▶ [Work required] Only the lines from the first line of the data through the line containing "A great big" belong in the answer, transcribed exactly; pictures do not.
* * * * * * *
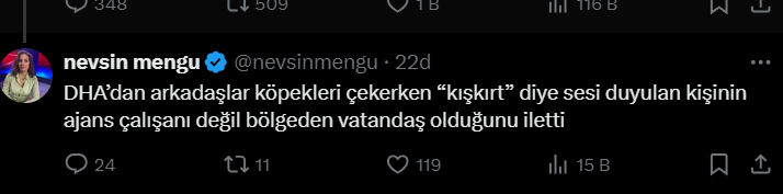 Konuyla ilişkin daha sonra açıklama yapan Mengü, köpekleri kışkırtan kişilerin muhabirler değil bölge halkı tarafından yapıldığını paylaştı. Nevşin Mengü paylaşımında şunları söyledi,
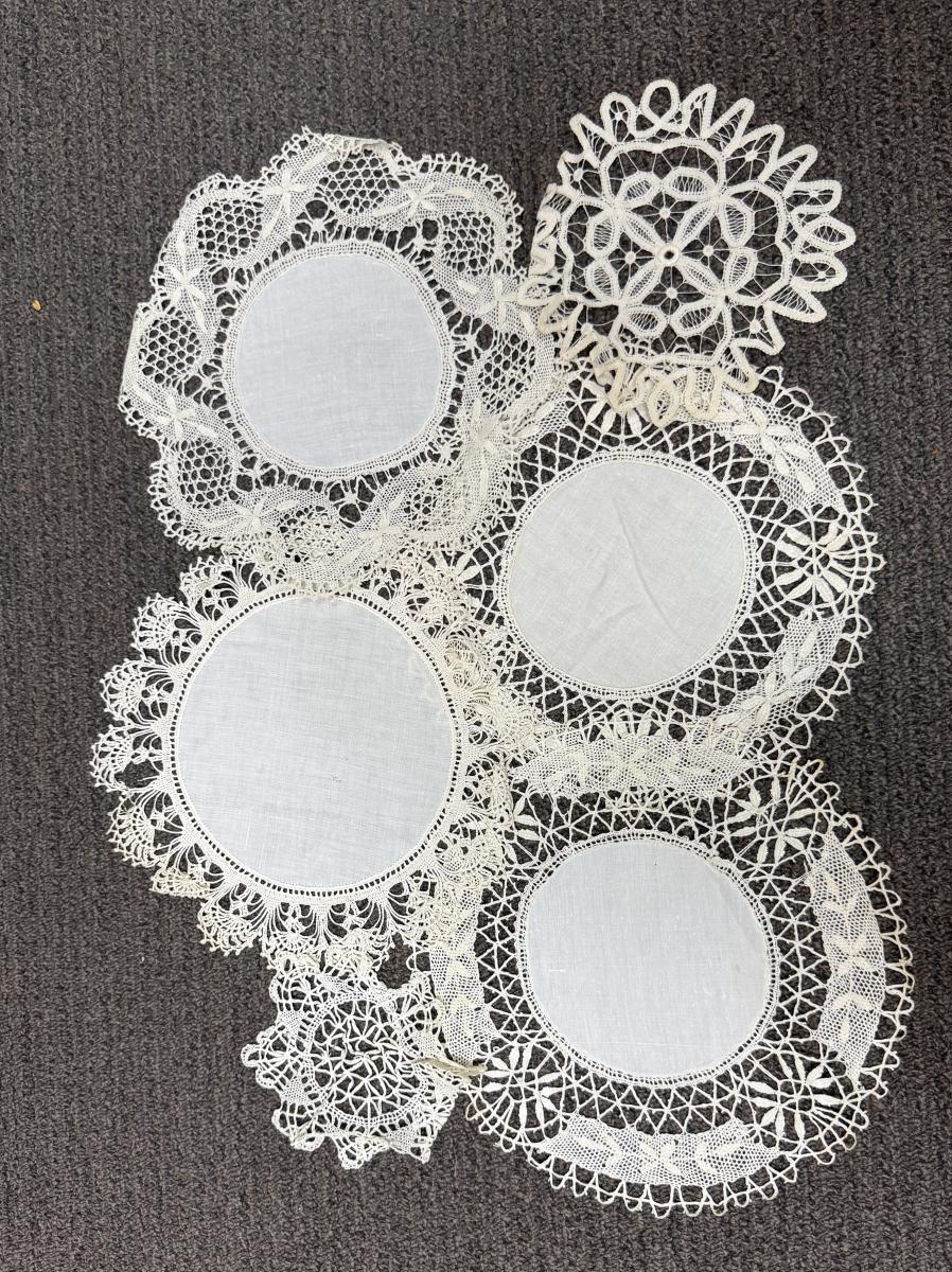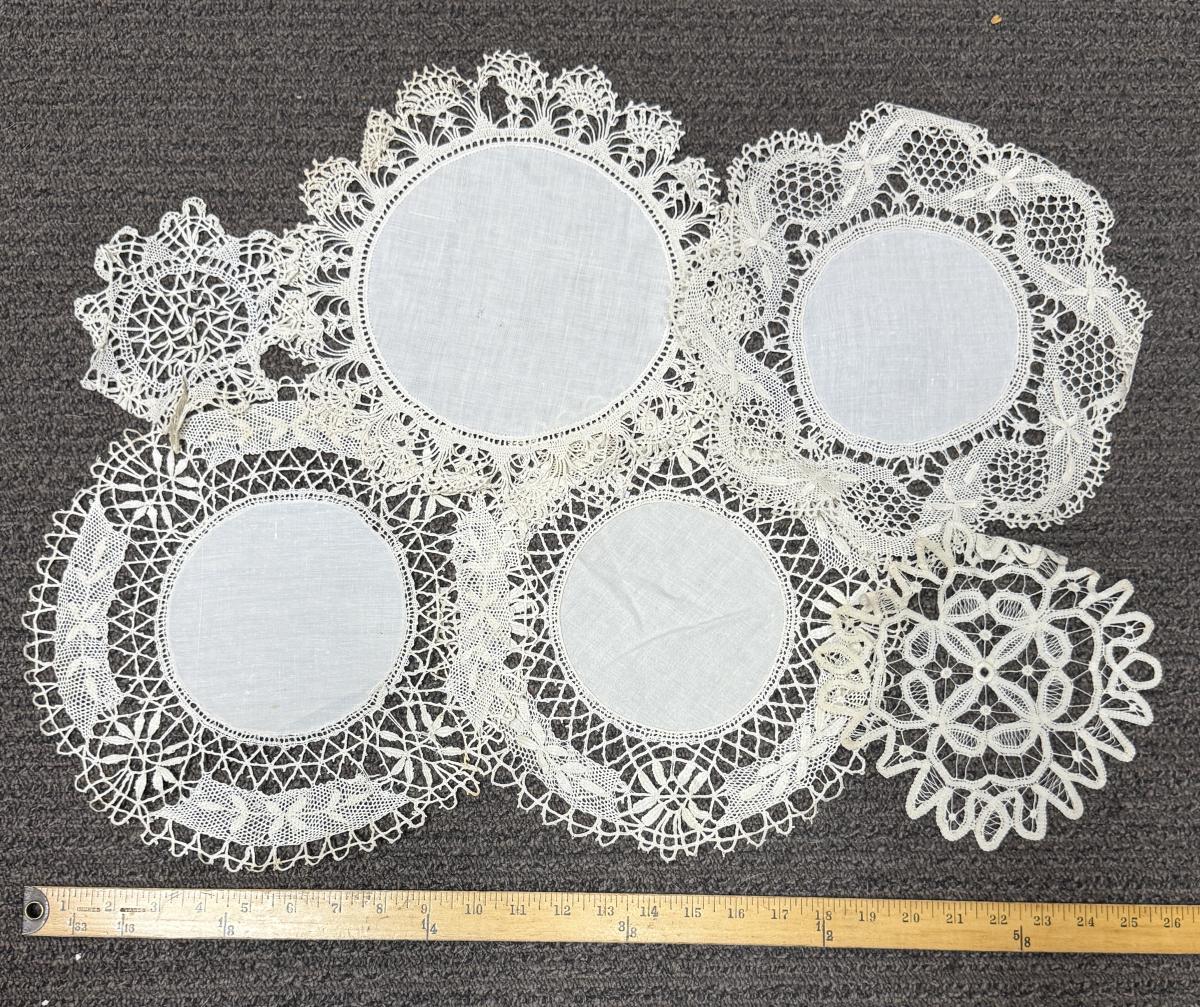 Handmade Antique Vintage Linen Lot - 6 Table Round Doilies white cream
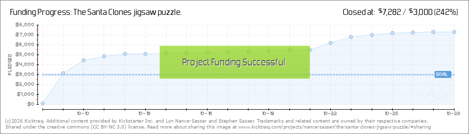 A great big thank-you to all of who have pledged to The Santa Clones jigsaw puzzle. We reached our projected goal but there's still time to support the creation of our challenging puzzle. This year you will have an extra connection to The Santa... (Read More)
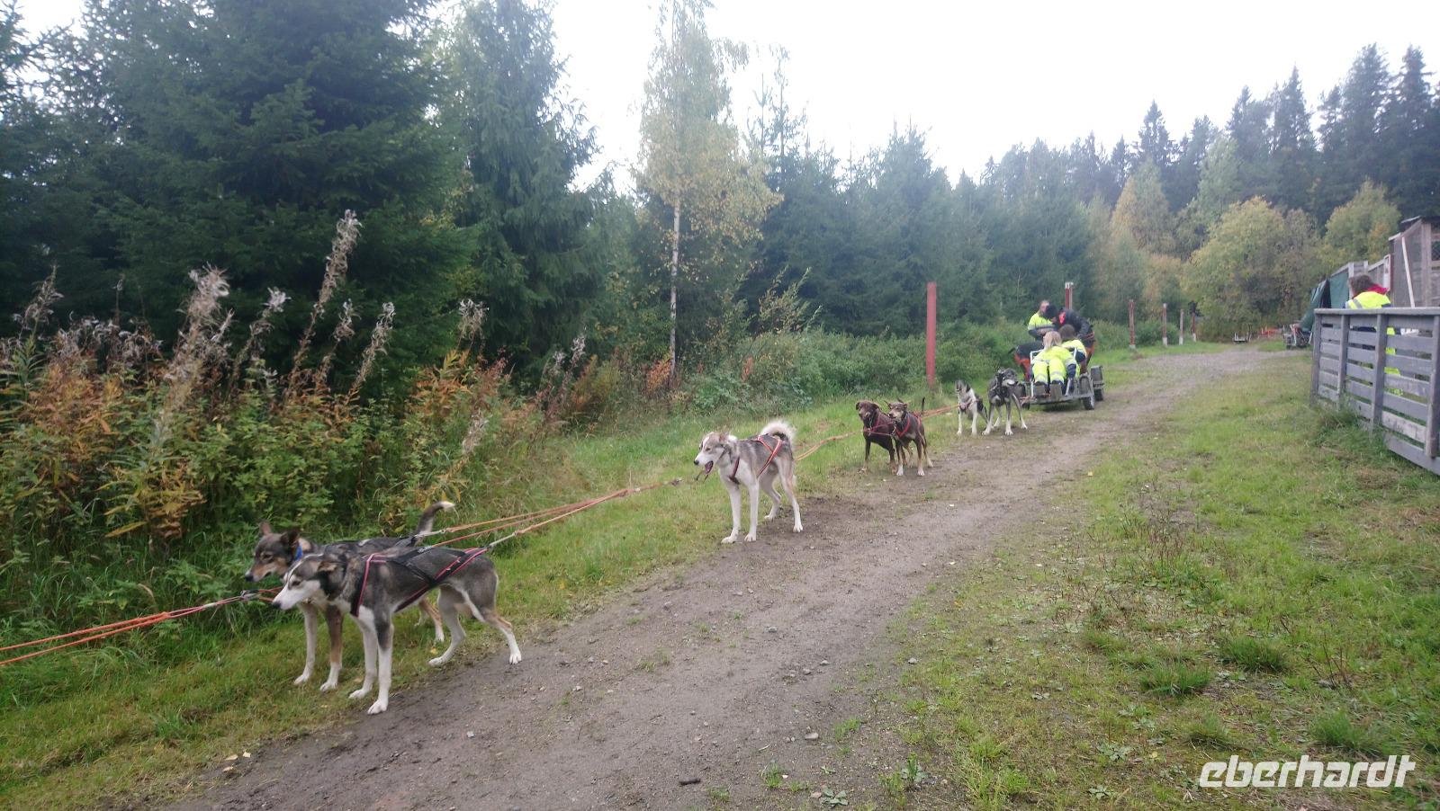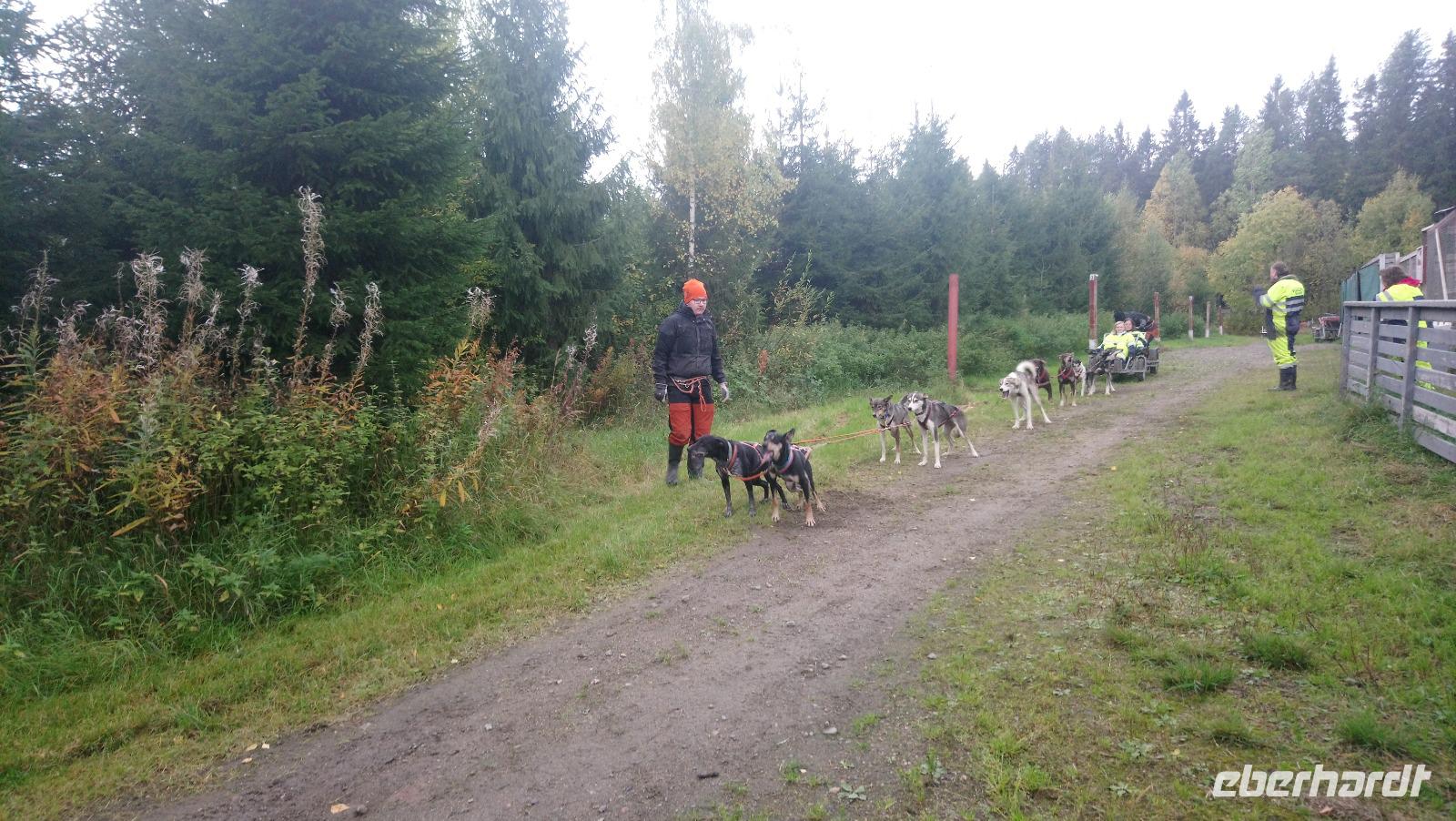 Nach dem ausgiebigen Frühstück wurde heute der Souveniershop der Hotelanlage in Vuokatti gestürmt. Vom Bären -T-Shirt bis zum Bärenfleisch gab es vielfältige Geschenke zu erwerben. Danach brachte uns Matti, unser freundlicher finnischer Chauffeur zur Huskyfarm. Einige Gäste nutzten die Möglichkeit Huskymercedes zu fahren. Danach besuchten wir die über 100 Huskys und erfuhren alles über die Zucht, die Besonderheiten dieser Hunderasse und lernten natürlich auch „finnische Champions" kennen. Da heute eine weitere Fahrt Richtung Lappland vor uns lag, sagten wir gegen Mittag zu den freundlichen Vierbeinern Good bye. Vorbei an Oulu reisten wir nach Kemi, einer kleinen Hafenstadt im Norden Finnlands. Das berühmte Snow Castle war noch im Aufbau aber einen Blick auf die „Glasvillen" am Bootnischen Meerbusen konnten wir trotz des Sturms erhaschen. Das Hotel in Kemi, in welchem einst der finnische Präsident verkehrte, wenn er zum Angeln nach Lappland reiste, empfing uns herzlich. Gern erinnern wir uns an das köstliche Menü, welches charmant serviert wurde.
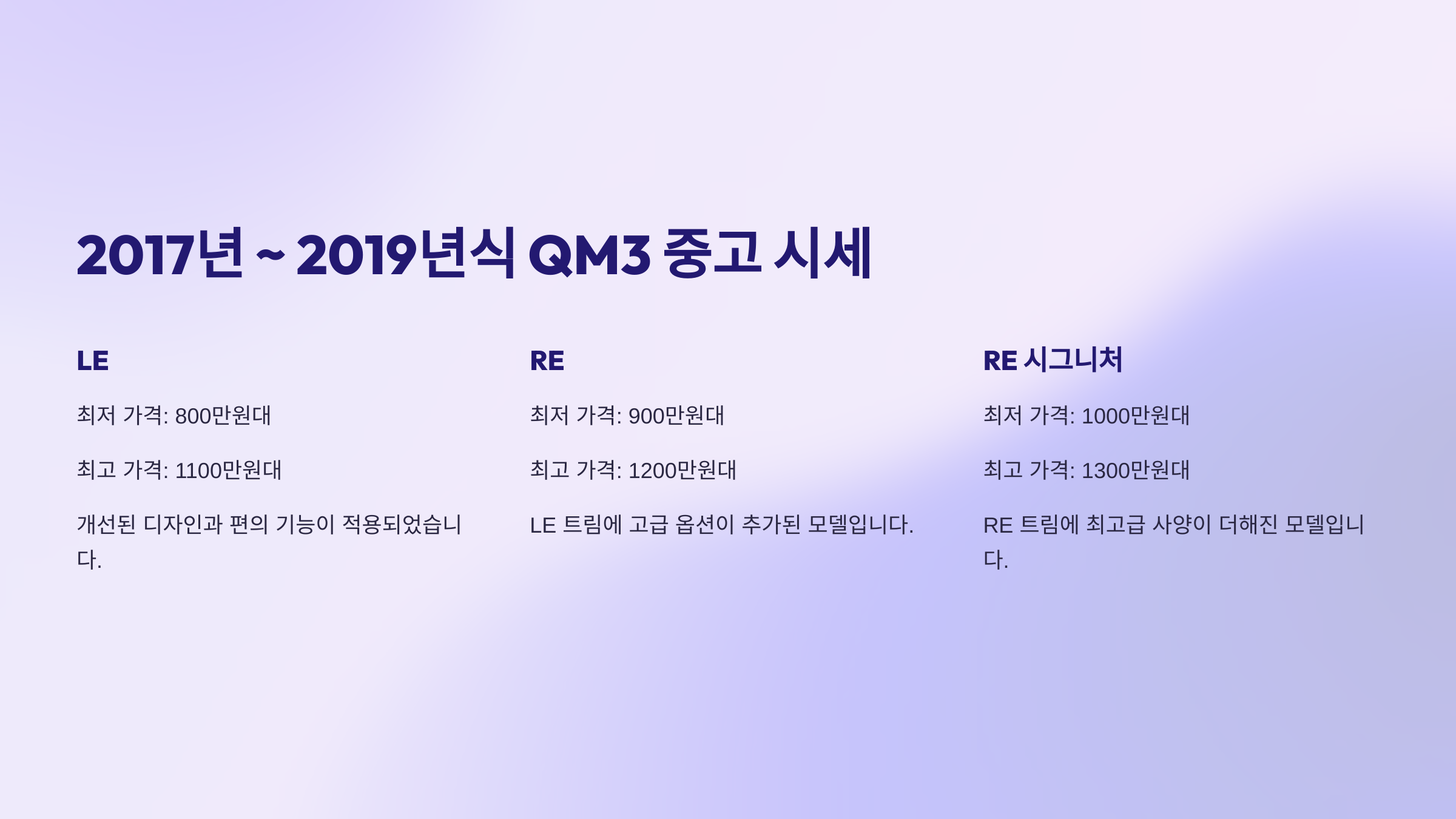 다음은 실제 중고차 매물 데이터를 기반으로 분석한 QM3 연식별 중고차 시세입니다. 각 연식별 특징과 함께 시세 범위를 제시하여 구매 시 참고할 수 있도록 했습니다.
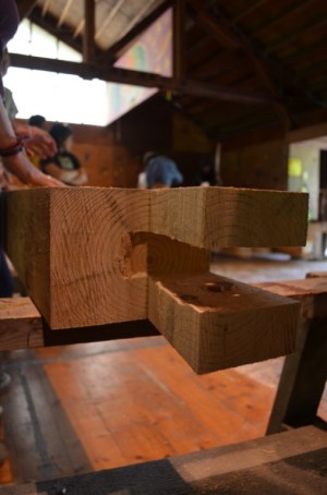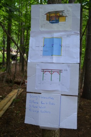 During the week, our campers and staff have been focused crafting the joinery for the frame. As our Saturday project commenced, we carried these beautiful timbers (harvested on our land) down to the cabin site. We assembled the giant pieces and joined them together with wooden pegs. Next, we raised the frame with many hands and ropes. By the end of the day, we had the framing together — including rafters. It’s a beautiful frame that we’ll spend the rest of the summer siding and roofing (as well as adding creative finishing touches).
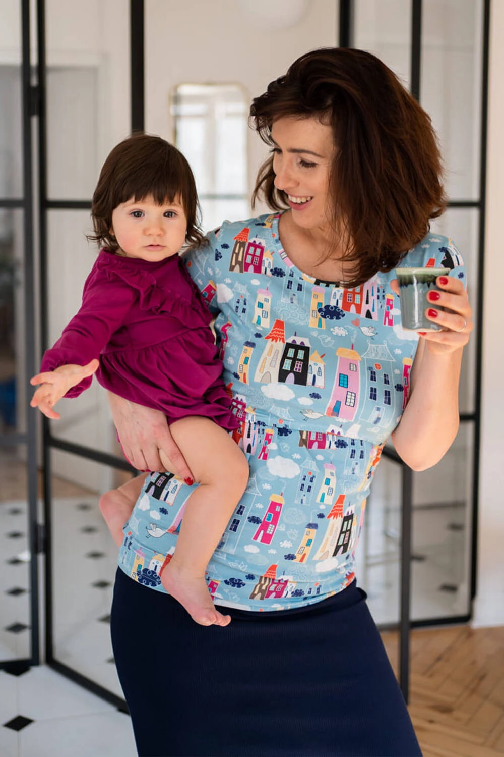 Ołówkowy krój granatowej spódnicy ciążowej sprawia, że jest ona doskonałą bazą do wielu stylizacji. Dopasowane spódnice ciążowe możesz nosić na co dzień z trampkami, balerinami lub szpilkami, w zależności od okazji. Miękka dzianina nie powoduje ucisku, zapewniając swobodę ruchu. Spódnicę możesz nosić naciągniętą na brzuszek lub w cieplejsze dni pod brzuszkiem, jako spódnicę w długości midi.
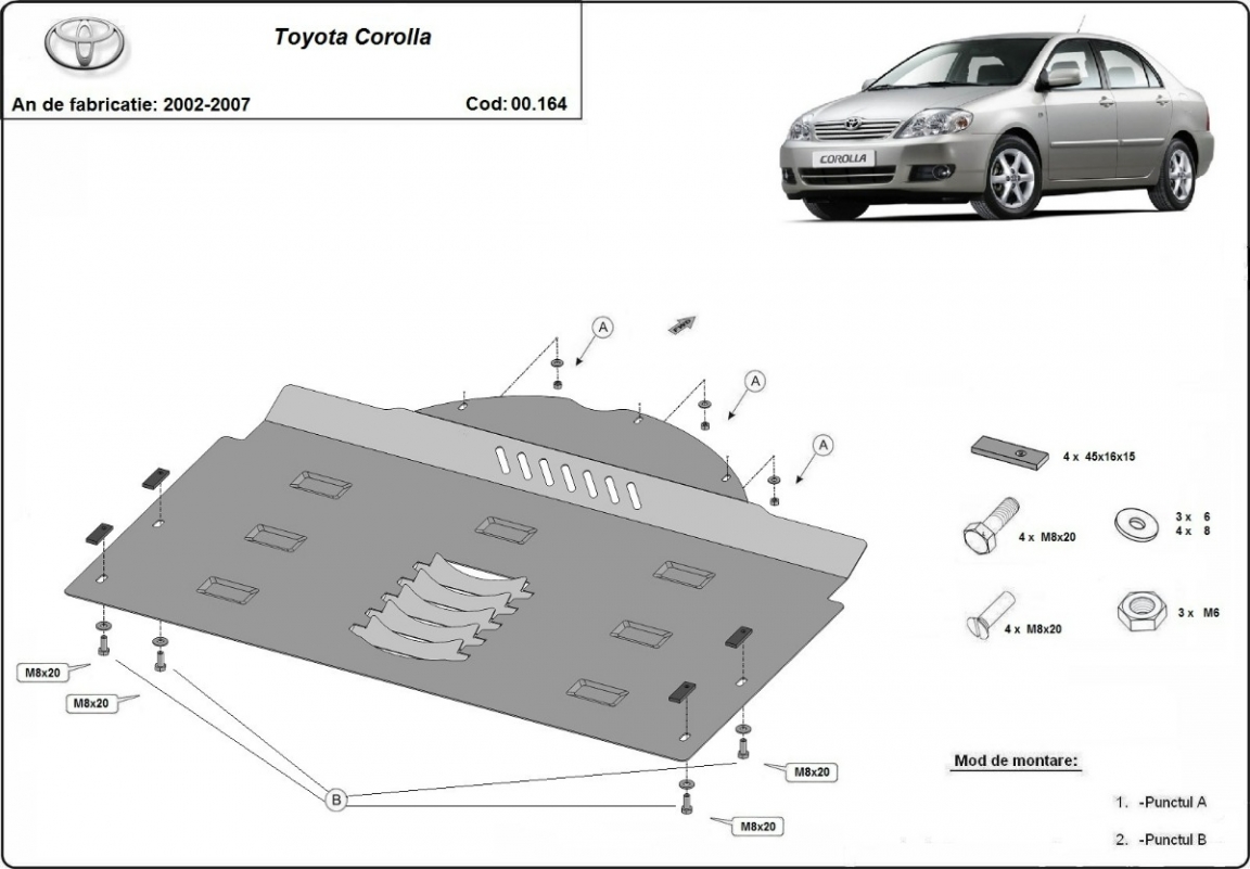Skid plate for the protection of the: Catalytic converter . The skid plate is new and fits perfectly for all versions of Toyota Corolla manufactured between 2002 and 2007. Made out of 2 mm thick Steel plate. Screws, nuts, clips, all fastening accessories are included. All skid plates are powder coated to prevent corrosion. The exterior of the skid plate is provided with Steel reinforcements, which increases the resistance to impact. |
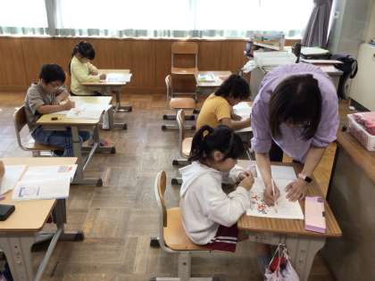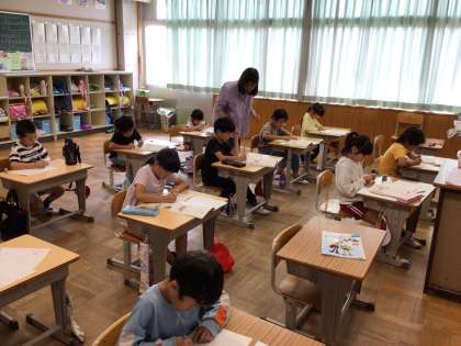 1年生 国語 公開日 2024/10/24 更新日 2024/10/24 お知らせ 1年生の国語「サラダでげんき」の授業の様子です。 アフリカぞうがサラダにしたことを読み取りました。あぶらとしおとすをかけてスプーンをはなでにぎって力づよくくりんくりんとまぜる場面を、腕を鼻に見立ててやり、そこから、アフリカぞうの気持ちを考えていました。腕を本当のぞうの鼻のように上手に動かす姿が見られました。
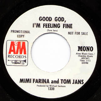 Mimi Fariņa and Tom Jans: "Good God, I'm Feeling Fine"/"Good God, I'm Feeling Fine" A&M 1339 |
* * * * * * *
▶ [Result below]
 Konuyla ilişkin daha sonra açıklama yapan Mengü, köpekleri kışkırtan kişilerin muhabirler değil bölge halkı tarafından yapıldığını paylaştı. Nevşin Mengü paylaşımında şunları söyledi,
 Handmade Antique Vintage Linen Lot - 6 Table Round Doilies white cream
 A great big thank-you to all of who have pledged to The Santa Clones jigsaw puzzle. We reached our projected goal but there's still time to support the creation of our challenging puzzle. This year you will have an extra connection to The Santa... (Read More)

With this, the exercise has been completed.